AIM OF THE TASK: Below are entries with pictures among them; reproduce exactly, and only, the lines from the one containing "입주 과정에서 작성된" down to the one containing "Þér mun líða", without the pictures.

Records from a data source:
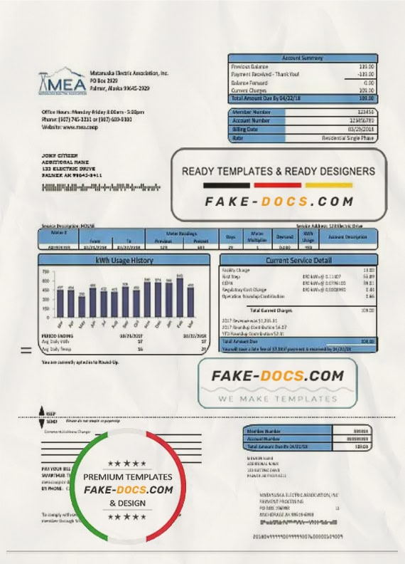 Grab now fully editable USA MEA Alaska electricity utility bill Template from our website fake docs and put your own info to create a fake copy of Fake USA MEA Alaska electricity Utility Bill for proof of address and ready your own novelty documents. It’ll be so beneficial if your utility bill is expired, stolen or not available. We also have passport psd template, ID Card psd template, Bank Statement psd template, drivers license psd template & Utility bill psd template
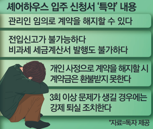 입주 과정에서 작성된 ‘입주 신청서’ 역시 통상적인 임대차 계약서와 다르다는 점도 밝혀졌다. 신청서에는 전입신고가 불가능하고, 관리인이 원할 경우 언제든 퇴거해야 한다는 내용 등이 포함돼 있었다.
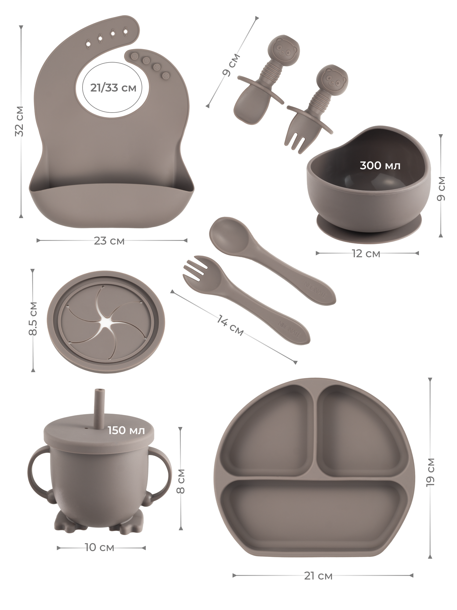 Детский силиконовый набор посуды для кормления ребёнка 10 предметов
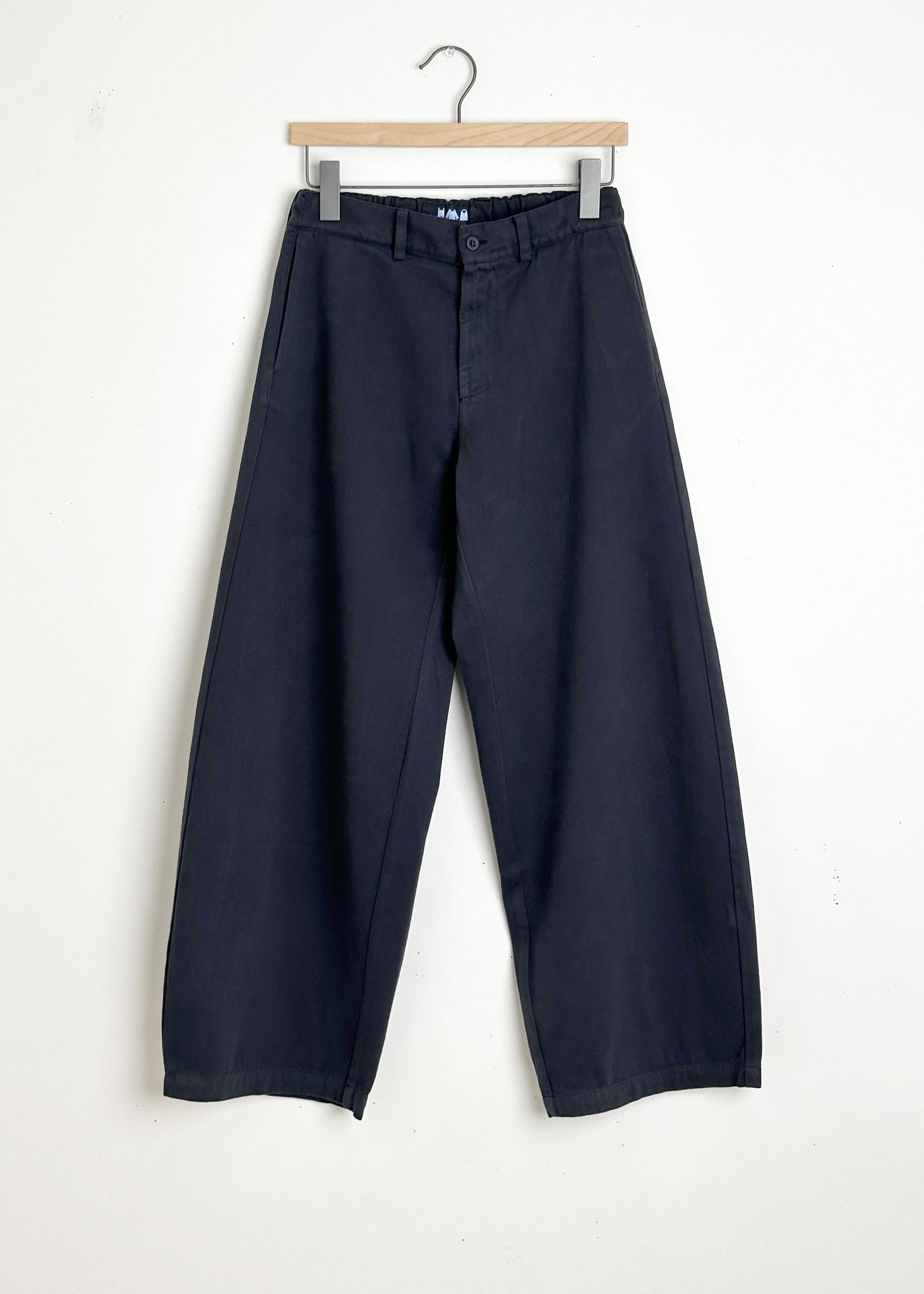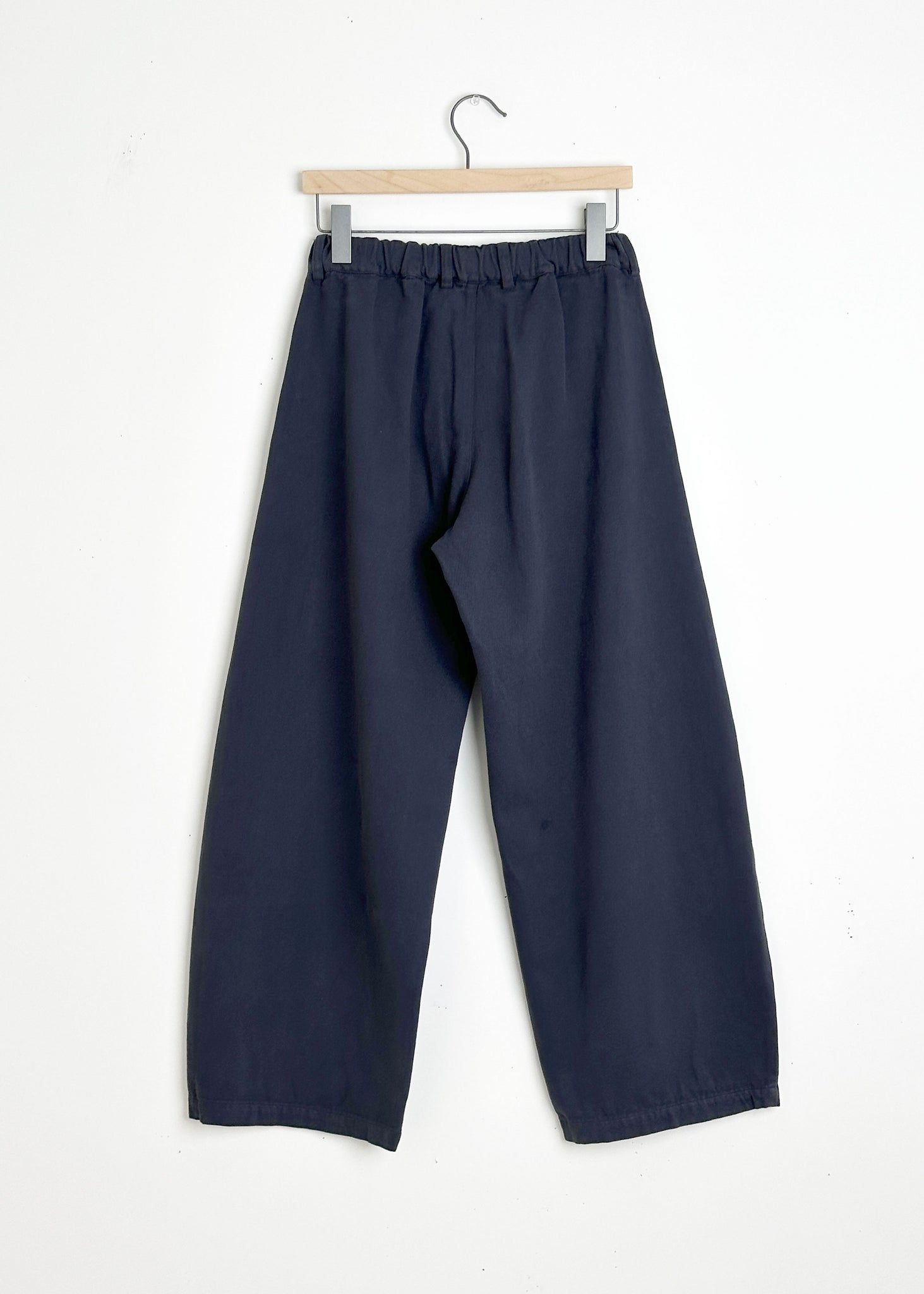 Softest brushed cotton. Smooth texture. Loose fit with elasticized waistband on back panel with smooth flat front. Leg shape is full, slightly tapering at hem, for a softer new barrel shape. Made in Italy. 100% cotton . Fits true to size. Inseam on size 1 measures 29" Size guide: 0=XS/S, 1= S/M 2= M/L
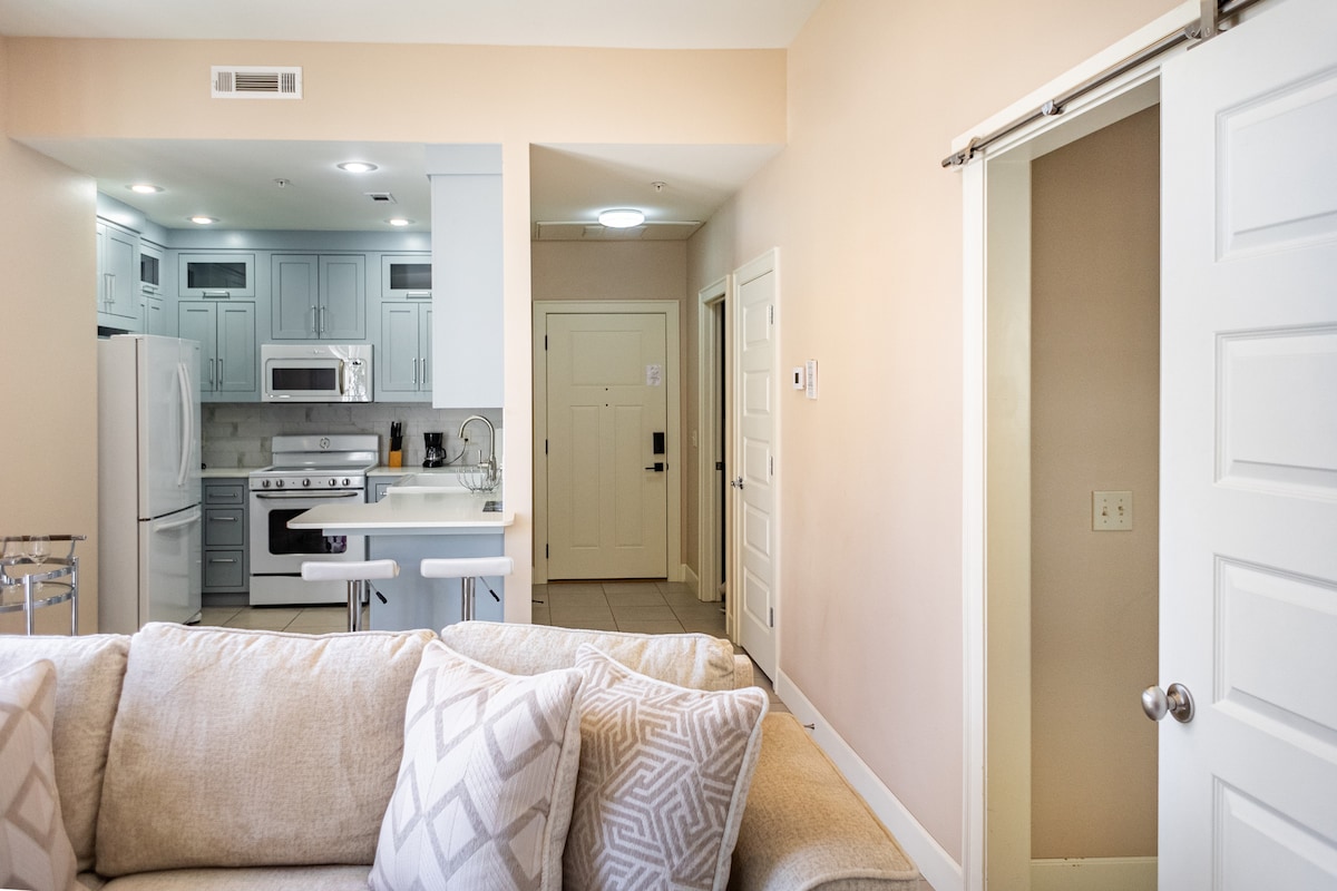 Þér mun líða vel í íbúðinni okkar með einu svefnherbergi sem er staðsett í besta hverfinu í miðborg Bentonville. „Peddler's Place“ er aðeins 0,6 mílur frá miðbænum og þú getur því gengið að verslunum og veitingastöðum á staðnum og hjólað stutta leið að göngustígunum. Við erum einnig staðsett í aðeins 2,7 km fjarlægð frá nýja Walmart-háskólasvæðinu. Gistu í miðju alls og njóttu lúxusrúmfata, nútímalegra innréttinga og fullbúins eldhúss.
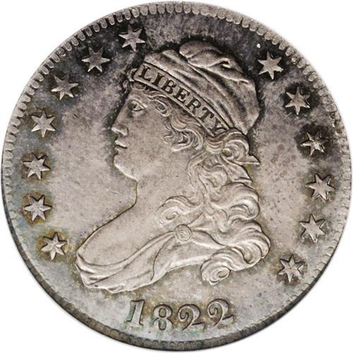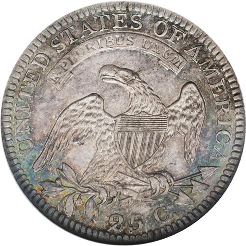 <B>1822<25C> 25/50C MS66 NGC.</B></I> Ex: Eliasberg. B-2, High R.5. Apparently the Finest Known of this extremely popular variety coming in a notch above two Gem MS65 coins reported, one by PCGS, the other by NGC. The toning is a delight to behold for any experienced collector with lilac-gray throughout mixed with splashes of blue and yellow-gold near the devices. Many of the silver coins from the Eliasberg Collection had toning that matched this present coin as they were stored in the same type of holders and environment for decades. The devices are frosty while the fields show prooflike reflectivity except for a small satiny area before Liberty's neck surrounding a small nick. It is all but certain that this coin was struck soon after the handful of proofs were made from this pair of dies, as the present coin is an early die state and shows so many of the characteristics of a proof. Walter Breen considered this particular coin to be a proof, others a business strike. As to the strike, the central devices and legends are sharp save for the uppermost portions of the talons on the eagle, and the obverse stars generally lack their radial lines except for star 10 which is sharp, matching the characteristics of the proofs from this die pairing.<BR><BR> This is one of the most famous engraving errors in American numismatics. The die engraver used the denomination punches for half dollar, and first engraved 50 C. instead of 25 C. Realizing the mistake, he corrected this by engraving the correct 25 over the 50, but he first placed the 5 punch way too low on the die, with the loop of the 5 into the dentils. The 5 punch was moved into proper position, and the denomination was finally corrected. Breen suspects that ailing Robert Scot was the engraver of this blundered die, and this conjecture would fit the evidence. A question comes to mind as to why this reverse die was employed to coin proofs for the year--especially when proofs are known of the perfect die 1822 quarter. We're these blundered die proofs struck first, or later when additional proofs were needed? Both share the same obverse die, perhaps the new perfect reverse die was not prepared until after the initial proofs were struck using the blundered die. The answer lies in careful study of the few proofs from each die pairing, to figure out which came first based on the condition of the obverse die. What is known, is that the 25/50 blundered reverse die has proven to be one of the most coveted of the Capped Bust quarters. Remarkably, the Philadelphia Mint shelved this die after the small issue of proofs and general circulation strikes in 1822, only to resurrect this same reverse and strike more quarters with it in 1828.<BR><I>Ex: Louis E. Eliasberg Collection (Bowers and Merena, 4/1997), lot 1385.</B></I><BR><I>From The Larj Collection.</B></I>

EXERCISE RESPONSE:
 입주 과정에서 작성된 ‘입주 신청서’ 역시 통상적인 임대차 계약서와 다르다는 점도 밝혀졌다. 신청서에는 전입신고가 불가능하고, 관리인이 원할 경우 언제든 퇴거해야 한다는 내용 등이 포함돼 있었다.
 Детский силиконовый набор посуды для кормления ребёнка 10 предметов
 Softest brushed cotton. Smooth texture. Loose fit with elasticized waistband on back panel with smooth flat front. Leg shape is full, slightly tapering at hem, for a softer new barrel shape. Made in Italy. 100% cotton . Fits true to size. Inseam on size 1 measures 29" Size guide: 0=XS/S, 1= S/M 2= M/L
 Þér mun líða vel í íbúðinni okkar með einu svefnherbergi sem er staðsett í besta hverfinu í miðborg Bentonville. „Peddler's Place“ er aðeins 0,6 mílur frá miðbænum og þú getur því gengið að verslunum og veitingastöðum á staðnum og hjólað stutta leið að göngustígunum. Við erum einnig staðsett í aðeins 2,7 km fjarlægð frá nýja Walmart-háskólasvæðinu. Gistu í miðju alls og njóttu lúxusrúmfata, nútímalegra innréttinga og fullbúins eldhúss.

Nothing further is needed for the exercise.